It should be obvious to everyone working in education that in order to measure how well we are doing, we can’t just look at our revenues, profit margins, or funds raised. Nor can we just look at our user growth and activity metrics. How can you truly claim success if your product doesn’t make an impact on student learning and therefore student lives?
While this seems obvious, it’s far from widespread in our ecosystem.
At Pearson, we are on a journey to better measure our success in these areas, across all of our lines of business. We define efficacy as “a measurable impact on learner’s lives,” and we evaluate our products based on the learner outcomes they deliver in addition to their financial results. By focusing on efficacy, we’re transforming ourselves from a company that used to create mainly inputs (e.g., textbooks, tests) to one that is focused on outcomes.
Pearson’s efficacy approach consists of the following:
Define intended learner outcomes for our products: The types of outcomes Pearson products and services deliver for learners should guide our business decisions. We’ve defined what makes a “good” outcome. It takes the form of a statement: “the learner/teacher will be able to X [verb]…” as a result of using a Pearson product or service. We have also defined the different types of learner outcomes. Some are simple: improved access across platforms, for example, or a positive user experience. Others are more ambitious, like progression to the next course of study, training, or employment.
Review products to ensure they are positioned to deliver on those outcomes, and put in place efficacy improvement programs: The Pearson efficacy framework is used internally to evaluate how well-positioned a particular product or service is to enable learner outcomes. Its purpose is to set out the ways a product or service could be improved, and to create a path forward for product and business teams. (The framework is available for public use as well!)
Conduct research to measure the efficacy of products in use, and feed insights back into product development. To check that things are working the way we say they will, we collect and analyze all kinds of evidence related to outcomes – from surveys, to on-platform analytics, to academic-caliber studies or randomized controlled trials. (See here for some examples in our K12 portfolio.) We believe different outcomes will need to be upheld by different kinds of evidence at different levels of robustness.
Support customers to effectively implement the products to get the best outcomes possible. Efficacy doesn’t happen in a controlled laboratory; it depends on educators, institutions, and systems – our partners. We have teams on the ground developing best practices for incorporating our products and services into instructional environments, or building educational institutions. (See here and here for some examples.)
Let me be clear that I believe all educational companies - regardless of size or tax status - should have a rigorous approach to efficacy because it is the right thing to do. Efficacy brings accountability to the mission that drives educational companies. It answers the question, 'Are we really helping the students we serve?
But for large and established education companies, there is a true business case for efficacy as well. First, it’s about building good products that match the needs of customers. In our most recent earnings call, Pearson CEO John Fallon said that “access, impact, and outcomes… are the hallmarks of the most commercially successful products we have in Pearson today.”

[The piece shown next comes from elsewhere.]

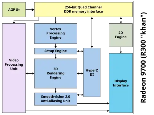 | R300 | R300, R350, RV350, RV380, RS400, RS480 | 9500 – 9800, X300 – X600, X1050 – X1150, 200M | ATI-Radeon-9000-Serie, ATI-Radeon-X-Serie, ATI-Radeon-X1000-Serie |
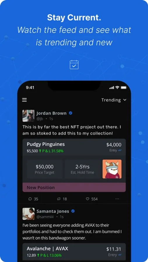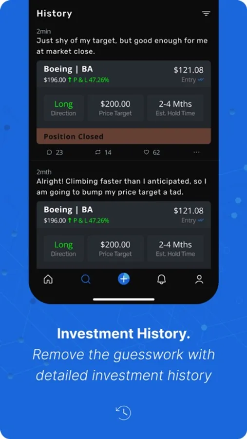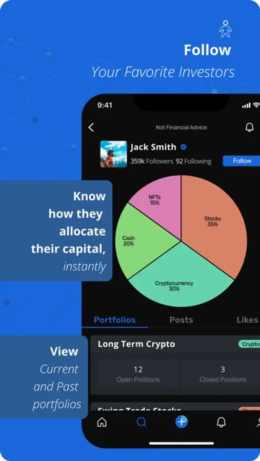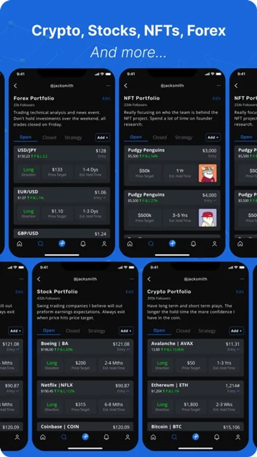 - Users can create portfolios and share their investments or trades, highlighting their price targets, hold times, and strategies.

Second, the move from outputs to outcomes is a smart strategy given the realities of doing business in the education sector. Tests and textbooks are just a small slice of the money spent on education globally; money spent on teaching, learning, and related services are a much larger and growing share. In order to participate in this sector companies need to get smarter on how to support customers in their interactions with learners, and to share accountability for learner outcomes. Last, efficacy taps into new opportunities enabled by technology: personalized learning, better analytics, flexibility of formats, and diversity of content.
For start-ups, many of these arguments are the same. Just as with large companies, the market will increasingly put a price on efficacy as products become more sophisticated and outcomes are easier to track and manage. Education companies are increasingly asked to extend their reach, making sure things work the way they should for maximal impact, and ed-tech startups are no exception. You will be asked to provide services and teacher PD in addition to great products, which requires an understanding of pedagogy and learning theory in addition to how the education system works. Last, strong evidence of efficacy increases your likelihood of increasing your attractiveness to other companies as partners, investors, or acquirers.
A large company like Pearson has longstanding relationships with customers, a necessary factor in evaluating whether our products and services work the way we say they will. We also have a diverse portfolio, from products that are just ideas to products on the verge of retirement. Different stages of this lifecycle offer different views into efficacy. Compared to the average start-up, we have more resources: teams of researchers, more data, and access to experts in the field. But start-ups are focused in one sector and on a smaller set of customers and learners, so you can sharply tailor your offerings. You can move faster, in many cases, to draw insights from your user data and apply them to new features and functionality. Everyone in your company can see a direct path from their work to helping learners – in ours, that can be a challenge. Perhaps most importantly, you are helping to shape the conversation by thinking differently about education and challenging long-held views about how people should learn, and what companies in education should provide.
Companies of all sizes need to make efficacy central to everything they do. We all want to make an impact on student learning: let’s put a base of rigor and accountability underneath this shared purpose, so that we actually see results.
Sabrina Manville is a Director of Efficacy in the Office of the Chief Education Advisor at Pearson.